= STUDY MATERIAL =

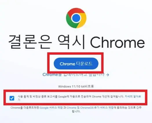 - 다운로드 버튼 클릭하기 : 페이지에 들어가면 "Chrome 다운로드" 버튼이 보입니다. 이 버튼을 클릭하여 다운로드를 시작합니다.
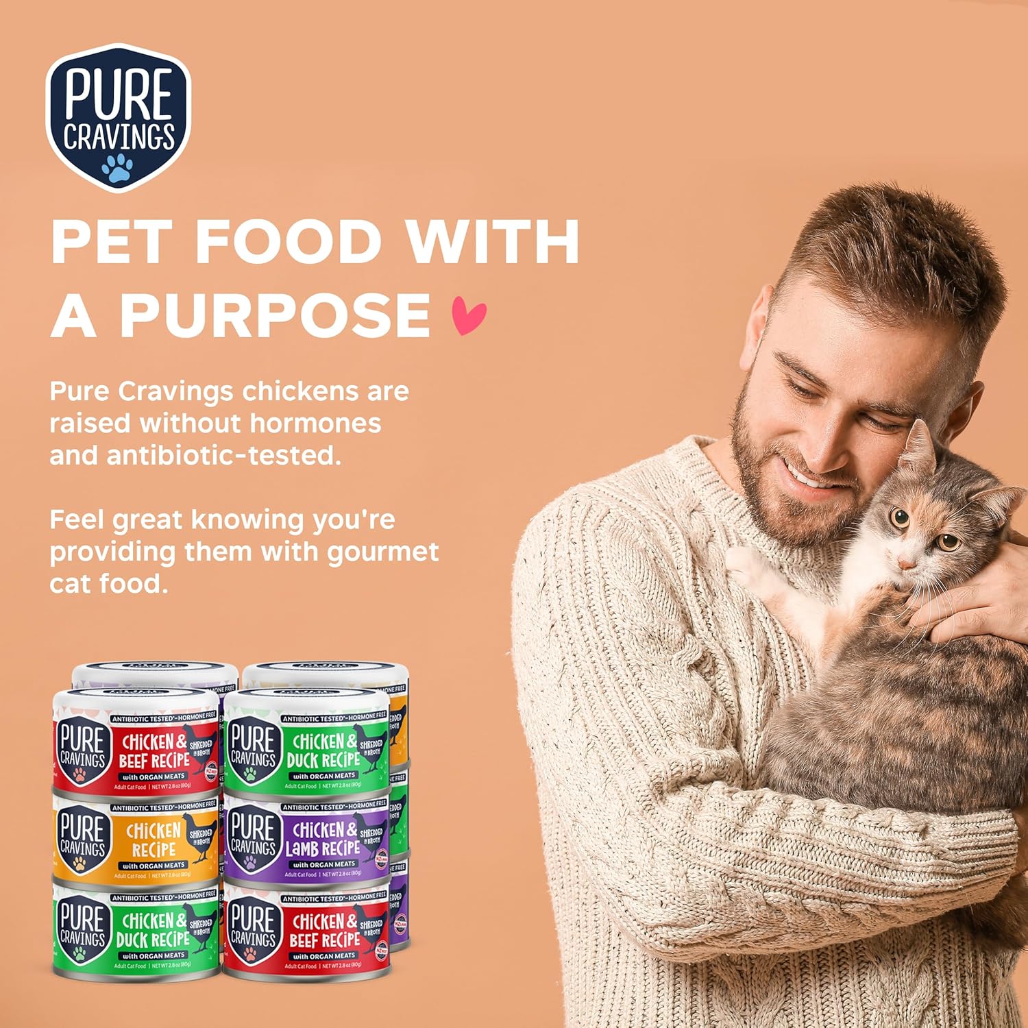 - GOURMET FOOD FOR CATS β Treat your furry companion to the finest dining experience with our premium Shredded Chicken with Organ Meats in Broth, featuring a variety of tantalizing recipes including topped with Chicken, Duck, Beef, or Lamb.
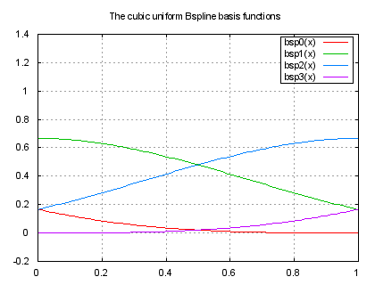 bsp0(x) = ( 1 - 3 * x + 3 * x**2 - x**3 ) / 6; bsp1(x) = ( 4 - 6 * x**2 + 3 * x**3 ) / 6; bsp2(x) = ( 1 + 3 * x + 3 * x**2 - 3 * x**3 ) / 6 bsp3(x) = x**3 / 6 set title "The cubic uniform Bspline basis functions" plot bsp0(x), bsp1(x), bsp2(x), bsp3(x)Click here for minimal script to generate this plot
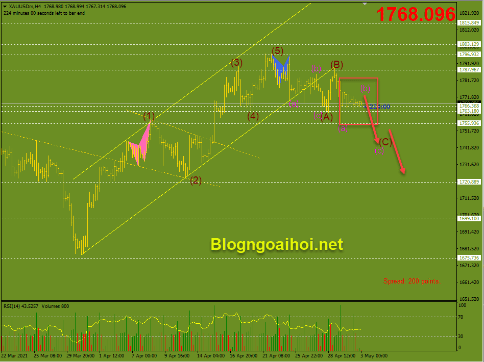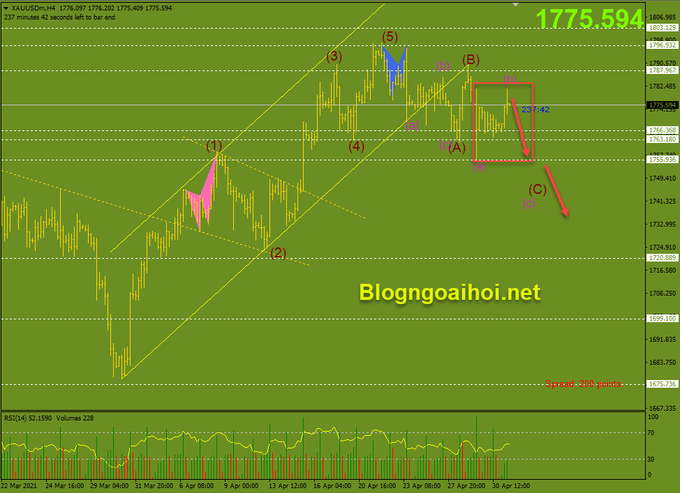 Tuy nhiên chúng tôi kỳ vọng có một đợt sụt giảm của Vàng để hoàn thiện nốt sóng (c) của (C). Vàng có thể phá vỡ vùng hỗ trợ 1755 để mở rộng đà giảm sâu hơn.
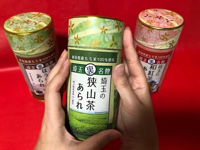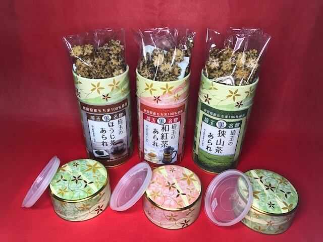 - セット内容: 小粒せんべい×3種類(狭山茶・和紅茶・塩味ほうじ茶)、保管用の茶筒3本付き

= YOUR ASSIGNMENT =
When you reach the line with "Tuy nhiên chúng" in the entries above, start copying, and go on word for word to the last line; skip any picture.

= SOLUTION =
 Tuy nhiên chúng tôi kỳ vọng có một đợt sụt giảm của Vàng để hoàn thiện nốt sóng (c) của (C). Vàng có thể phá vỡ vùng hỗ trợ 1755 để mở rộng đà giảm sâu hơn.
 - セット内容: 小粒せんべい×3種類(狭山茶・和紅茶・塩味ほうじ茶)、保管用の茶筒3本付き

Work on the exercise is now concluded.